SHRIMP DANCE
Your sadness is political
SHRIMP DANCE is a live performance fusing Butoh dance with live music, text and video art. It’s a collaboration with marine biologist Professor Alex Ford (University of Portsmouth). Professor Ford found anti-depressants entering the sea through human waste are affecting the behaviour of shrimp. High levels of Prozac are causing shrimp to abandon their shadowy habitat and swim towards the light where they’re often eaten.
SHRIMP DANCE broadens this research into a far-reaching comment on the medicalisation of profound sadness, linking our inner isolation to the havoc we’re wreaking in the world at large (waste, ecocide, consumer capitalism and extreme inequality).
The larger theme of the piece is what consumer capitalism is doing to our mental health and the health of the planet itself. However, SHRIMP DANCE aims to be ultimately hopeful: The very tablets we take to soothe our loneliness show us, through the most earthy means (sewage, animal life), our real power and belonging as ecological beings if we can only wake up to it.

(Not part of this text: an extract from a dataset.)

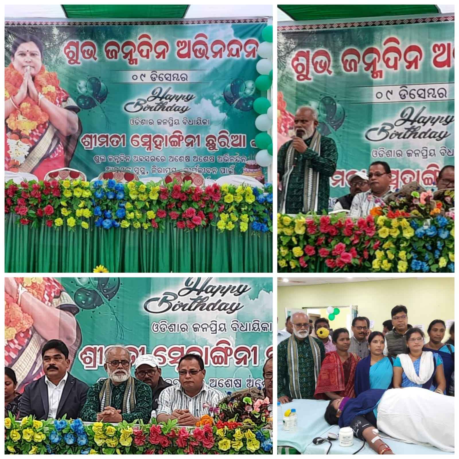 ସମାଜସେବୀ ଗଣେଶ ସାହୁ,ଜିଲ୍ଳା ଯୁବ ସମ୍ପାଦକ ଅରବିନ୍ଦ ହୋତା, ବରିଷ୍ଠ ନେତା ତୋଷବନ୍ତ ବେହେରା,ସରପଞ୍ଚ ସଂଘ ସଭାପତି ସୁଶାନ୍ତ ସାହୁ, ବ୍ଳକ ମହିଳା ସଭାନେତ୍ରୀ ସୁଧାମୟୀ ମେହେର, ବ୍ଳକ ଛାତ୍ର ସଭାପତି ସୁଶିଲ ବୁଧିଆ ପ୍ରମୁଖ ଯୋଗଦାନ କରି ସ୍ନେହାଙ୍ଗିନୀ ଙ୍କ ଦିର୍ଘାୟୁ କାମନା କରିଥିଲେ lଜନ୍ମଦିନ ସ୍ମୃତି କୁ ମନେପକାଇ ଆୟୋଜିତ ଏହି ରକ୍ତଦାନ ଶିବିରରେ ସମୁଦାୟ ୮୫ ୟୁନିଟ ରକ୍ତ ସଂଗ୍ରହ କରାଯାଇଥିଲା l ଏ ପରିପ୍ରେକ୍ଷୀରେ ଏକ ଭଜନ ସମାରୋହ ଅନୁଷ୍ଠିତ ମଧ୍ୟ ହୋଇଥିଲା

Produced with support from Creative Scotland, Dance Base, the Work Room and Platform Glasgow.
Press
“This performance is that often rare instance of a multi-disciplinary production that feels organically fused together with a unifying aesthetic… The body cannot lie, and Henry attacks the challenge of moving with uncompromising intention with rigour. Henry is accompanied by musician Jer Reid on droning electric guitar and live visuals from Jamie Wardrop. Projections move between organic and inorganic, between waterfalls and the tile-lined pool Henry is seen submerging himself in. A piece about depression, medication and our effect on the environment, it’s a loud yet nonetheless meditative piece of theatre.”
— The Skinny (⭐⭐⭐⭐)
“A hypnotic hour of dance drama. The themes explored are huge: ecological crisis, mental health and consumerism, yet the moves are minute and precise – the sheer range, expressiveness and emotional impact of these are a testament to Henry’s considerable skill… Utterly compelling — the astonishingly talented Henry has much to say.”
— Glasgow Theatre Blog
“A weighty, at times disturbing, meditation on a deeply troubling phenomenon.”
— Disability Arts Online
“The performance sees him moving like a somnambulist, eyes closed as though in a trance, body flailing as he tries to stay upright. He veers from sheer terror to anxiety to acceptance, almost akin to going through stages of grief… Paul Michael Henry’s new dance has the kind of quietude that unnerves and provokes in equal measure.”